### Task directions
Apart from the pictures, every record here must be copied word for word.

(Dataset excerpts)
┄┄┄┄┄┄┄┄┄┄
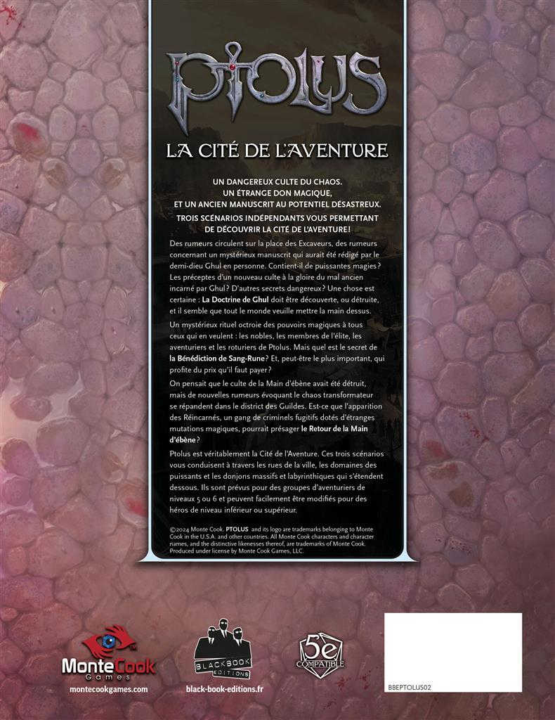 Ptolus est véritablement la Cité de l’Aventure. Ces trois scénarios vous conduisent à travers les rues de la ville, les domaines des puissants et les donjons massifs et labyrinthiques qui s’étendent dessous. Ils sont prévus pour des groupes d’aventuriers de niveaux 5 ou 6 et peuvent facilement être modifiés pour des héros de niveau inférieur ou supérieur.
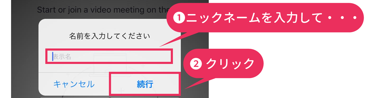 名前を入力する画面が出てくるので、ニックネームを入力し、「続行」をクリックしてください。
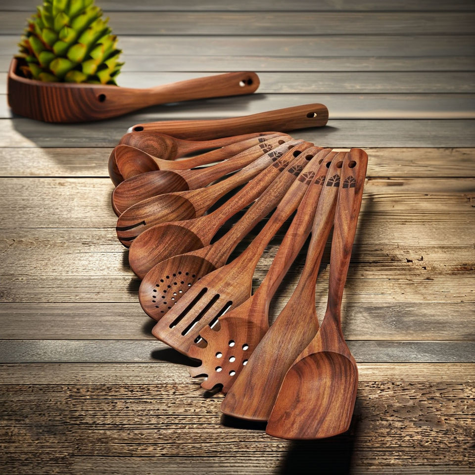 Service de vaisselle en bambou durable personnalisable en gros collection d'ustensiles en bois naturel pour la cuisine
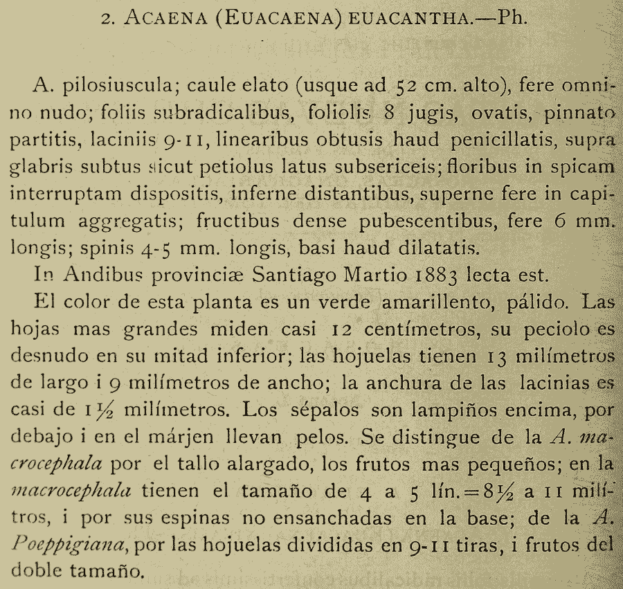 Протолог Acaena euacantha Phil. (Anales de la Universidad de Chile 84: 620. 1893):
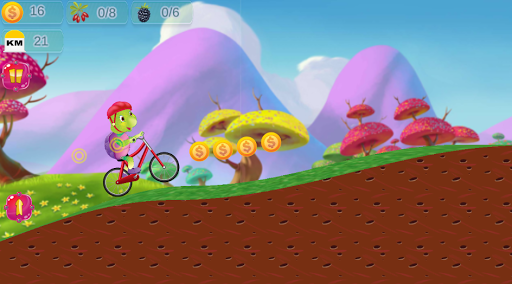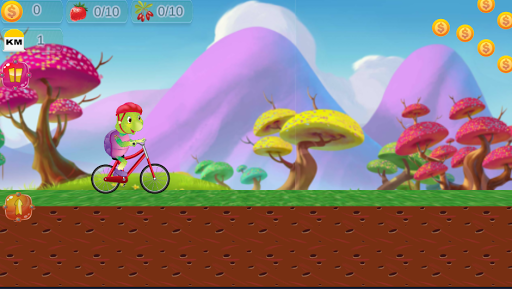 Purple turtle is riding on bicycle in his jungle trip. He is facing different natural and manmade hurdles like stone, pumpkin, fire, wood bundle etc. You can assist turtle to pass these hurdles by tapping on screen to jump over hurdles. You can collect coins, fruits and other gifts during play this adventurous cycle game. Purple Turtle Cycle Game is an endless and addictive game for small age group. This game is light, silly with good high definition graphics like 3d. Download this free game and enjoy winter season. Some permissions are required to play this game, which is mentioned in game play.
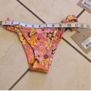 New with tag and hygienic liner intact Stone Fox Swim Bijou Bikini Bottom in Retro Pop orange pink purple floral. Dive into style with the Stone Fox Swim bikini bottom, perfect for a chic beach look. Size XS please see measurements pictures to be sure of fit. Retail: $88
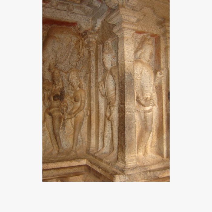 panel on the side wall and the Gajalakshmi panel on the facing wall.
┄┄┄┄┄┄┄┄┄┄
### Completed task
 Ptolus est véritablement la Cité de l’Aventure. Ces trois scénarios vous conduisent à travers les rues de la ville, les domaines des puissants et les donjons massifs et labyrinthiques qui s’étendent dessous. Ils sont prévus pour des groupes d’aventuriers de niveaux 5 ou 6 et peuvent facilement être modifiés pour des héros de niveau inférieur ou supérieur.
 名前を入力する画面が出てくるので、ニックネームを入力し、「続行」をクリックしてください。
 Service de vaisselle en bambou durable personnalisable en gros collection d'ustensiles en bois naturel pour la cuisine
 Протолог Acaena euacantha Phil. (Anales de la Universidad de Chile 84: 620. 1893):
 Purple turtle is riding on bicycle in his jungle trip. He is facing different natural and manmade hurdles like stone, pumpkin, fire, wood bundle etc. You can assist turtle to pass these hurdles by tapping on screen to jump over hurdles. You can collect coins, fruits and other gifts during play this adventurous cycle game. Purple Turtle Cycle Game is an endless and addictive game for small age group. This game is light, silly with good high definition graphics like 3d. Download this free game and enjoy winter season. Some permissions are required to play this game, which is mentioned in game play.
 New with tag and hygienic liner intact Stone Fox Swim Bijou Bikini Bottom in Retro Pop orange pink purple floral. Dive into style with the Stone Fox Swim bikini bottom, perfect for a chic beach look. Size XS please see measurements pictures to be sure of fit. Retail: $88
 panel on the side wall and the Gajalakshmi panel on the facing wall.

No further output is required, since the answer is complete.